*** DATA BELOW ***
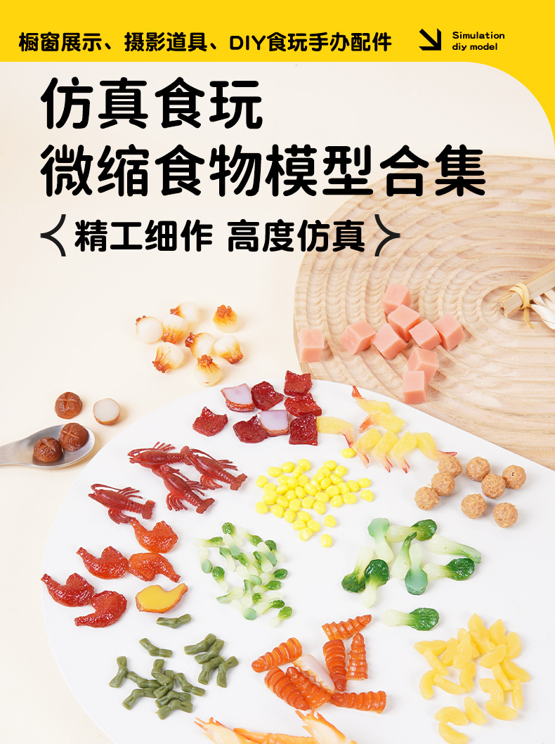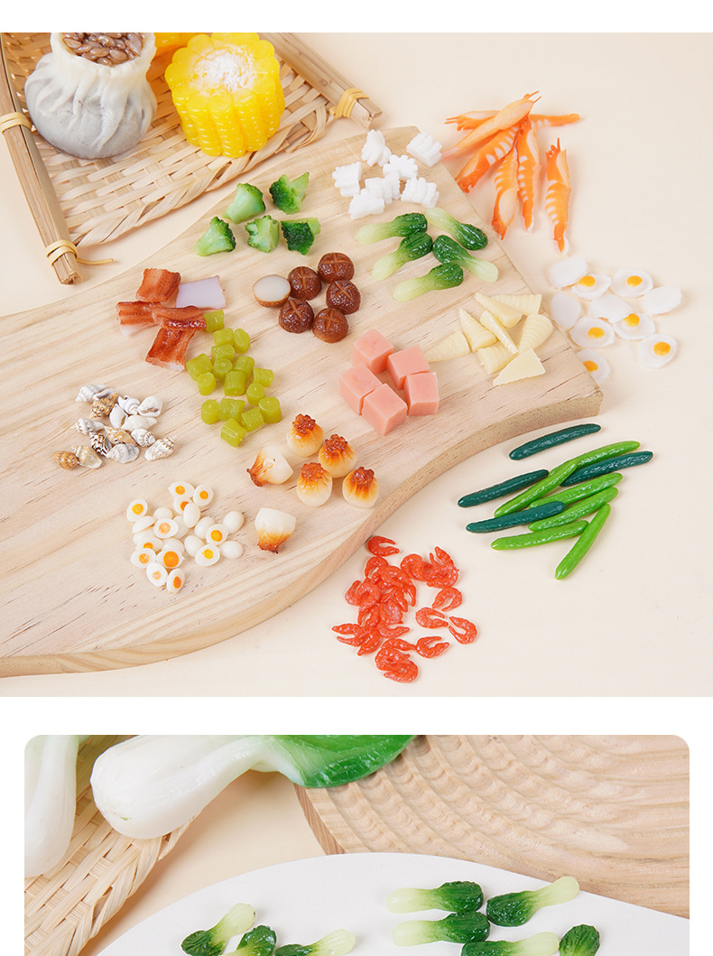 PVC 소형 음식 장난감 DIY 수제 달팽이 국수 냄비 재료 액세서리 놀이 집 장난감 수란 옥수수 야채
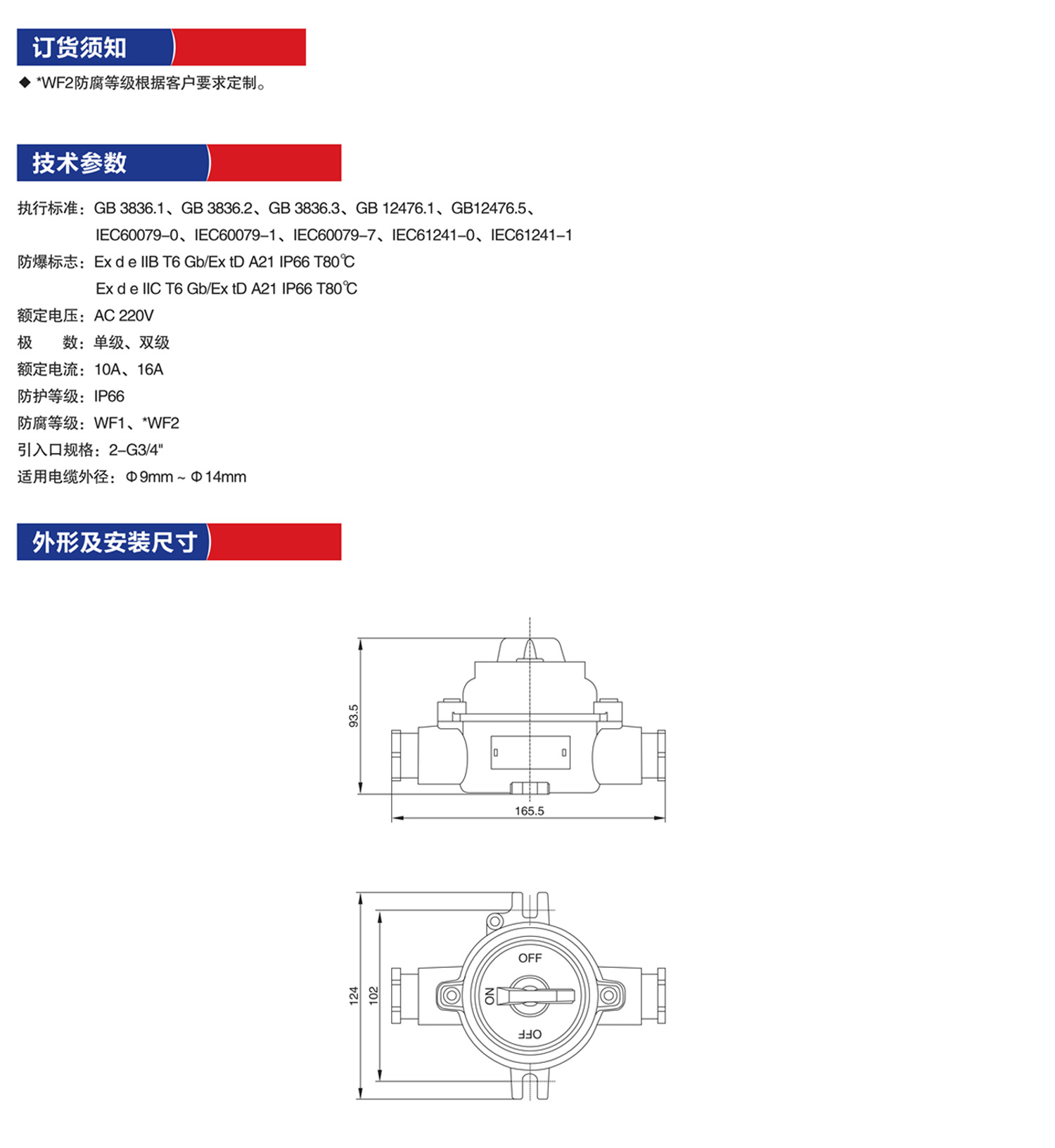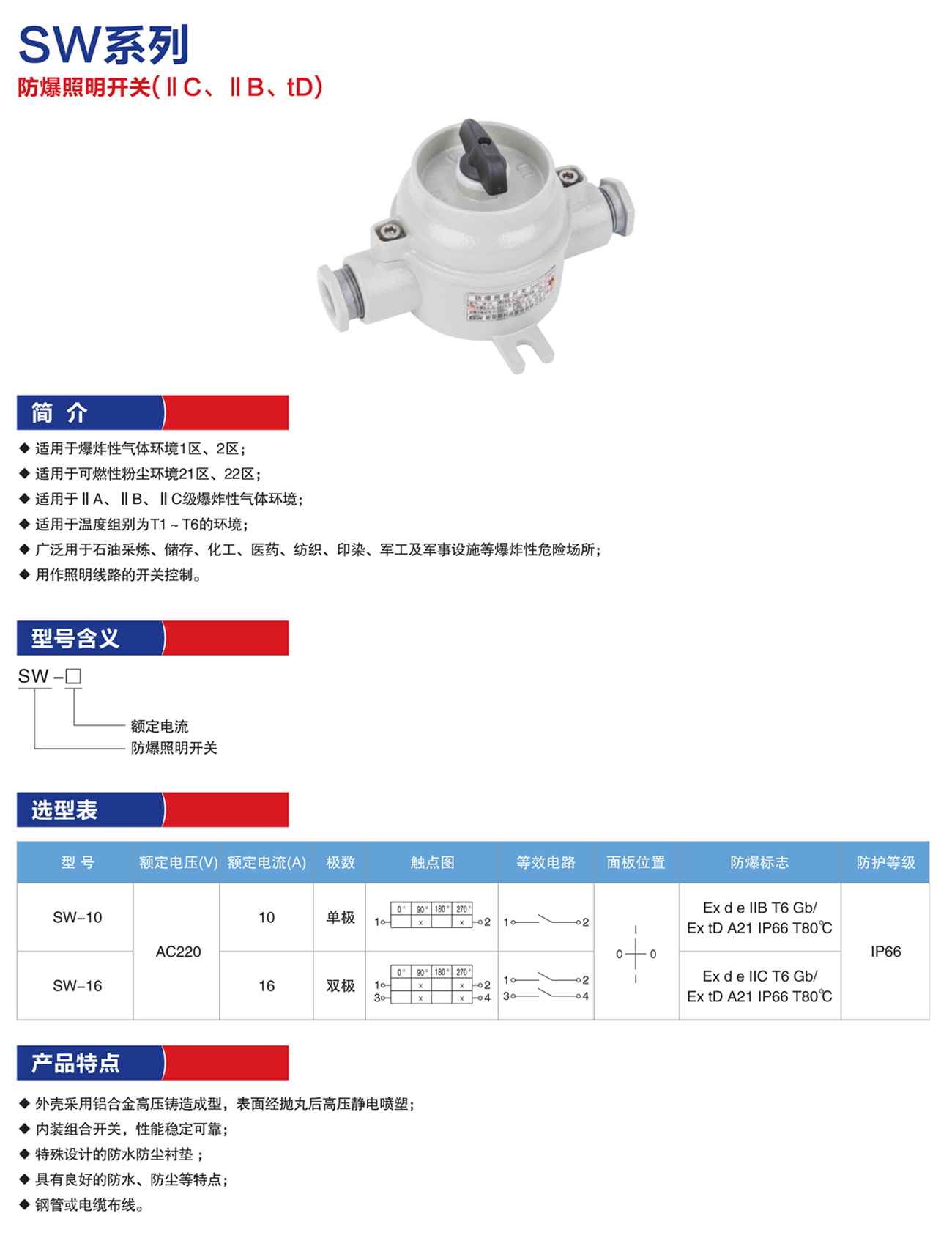 产品名称:SW-10系列防爆照明开关
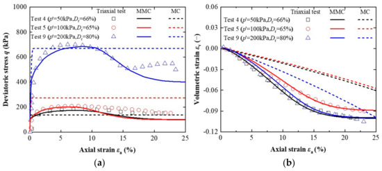 Figure 5a shows the stress–strain behavior of Fontainebleau sand captured by MC and MMC, respectively, against the drained triaxial compression test from Latini and Zania [46]. It shows that the MMC model can accurately capture the hardening and softening effects during the deformation of dense sand. For the MC model, the shear stress of the dense sand increases with the axial strain εa to the peak and then remains constant because a fixed friction angle is used in the analysis. As for Test 9 with a high relative density of Dr = 80%, the hardening and softening effects during the deformation of sand are salient, while the MC model is only capable of capturing the peak stress in the plastic zone. It is indicated that the MC model overestimates the load capacity of dense sand. Figure 5b compares the volumetric properties of the dense sand described by the MMC and MC models. By adopting the MMC model, the volumetric compression occurs initially, then the sand dilates until the volume approximately remains constant. In contrast, the MC model shows that dense sand dilates almost linearly after volumetric compression due to a fixed dilation angle ψ, deviating from the test results obviously.
*** End of DATA BELOW ***
### GOAL OF THE EXERCISE
Line by line, return the listing above exactly, leaving out its pictures.

### REPLY
 PVC 소형 음식 장난감 DIY 수제 달팽이 국수 냄비 재료 액세서리 놀이 집 장난감 수란 옥수수 야채
 产品名称:SW-10系列防爆照明开关
 Figure 5a shows the stress–strain behavior of Fontainebleau sand captured by MC and MMC, respectively, against the drained triaxial compression test from Latini and Zania [46]. It shows that the MMC model can accurately capture the hardening and softening effects during the deformation of dense sand. For the MC model, the shear stress of the dense sand increases with the axial strain εa to the peak and then remains constant because a fixed friction angle is used in the analysis. As for Test 9 with a high relative density of Dr = 80%, the hardening and softening effects during the deformation of sand are salient, while the MC model is only capable of capturing the peak stress in the plastic zone. It is indicated that the MC model overestimates the load capacity of dense sand. Figure 5b compares the volumetric properties of the dense sand described by the MMC and MC models. By adopting the MMC model, the volumetric compression occurs initially, then the sand dilates until the volume approximately remains constant. In contrast, the MC model shows that dense sand dilates almost linearly after volumetric compression due to a fixed dilation angle ψ, deviating from the test results obviously.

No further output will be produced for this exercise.